New writers often believe that the omniscient point of view is the one they should write in. That way, the reader can know everything that is happening in the story. Makes sense, doesn’t it? At first glance, it does. Omniscient point of view does have its place, and works very well for certain types of story, but it takes a seasoned writer to do a masterful job of this pov.

Party Stories

When you’re at a party, or meeting a friend, and you tell a story – think about what you do and say. Chances are you’re going to be using first person (I) and, if you’re like me, gesturing a lot and getting extremely animated. Using first person, allows you to bring in this personal aspect into the storytelling. It does force you to tell the story only from that person’s viewpoint, but there are ways around that too.

Chances also are that the person who’s telling the story is also the most important person in the story – otherwise, why is he telling the story?
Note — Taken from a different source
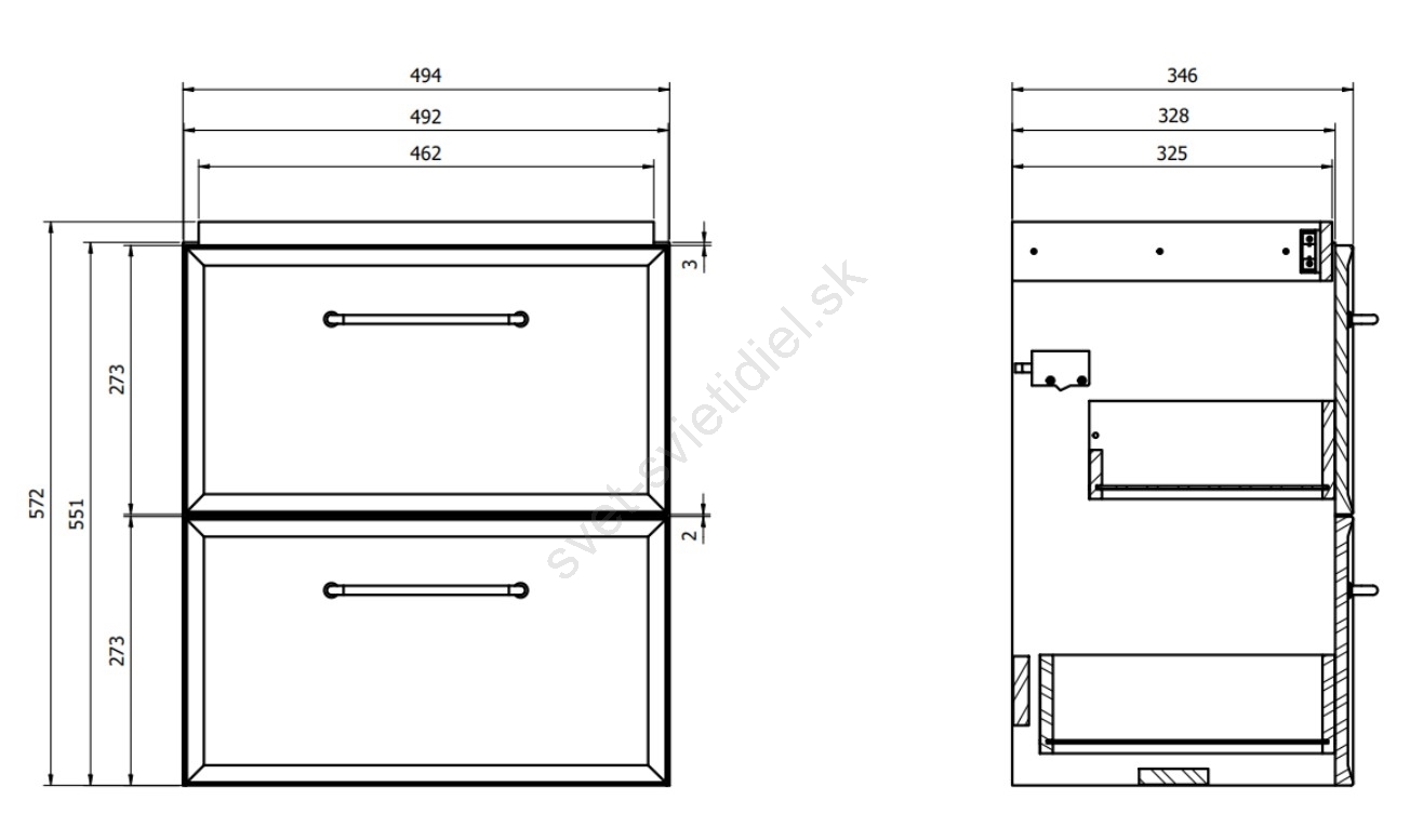 • Skrinka má dve priestranné zásuvky so systémom tlmeného dovierania - soft close.

He’s the only one who knows the story intimately and that’s the beauty of this pov – that intimacy will shine through. We are in that person’s world, feeling what he feels, doing what he does, and being crushed when he is. It’s probably the easiest pov to write as well, since we can immerse ourselves into the character’s emotions and thoughts.

Third person point of view works too. Although it does not have the immediacy of first person, it is the pov that works for most novels. It also allows you to use other characters’ voices in the story. Definitely not as limiting as first person, but it’s a good idea to limit your pov’s to two or three people or you’ll end up getting as confused as your reader will be.

What pov do you like to write in?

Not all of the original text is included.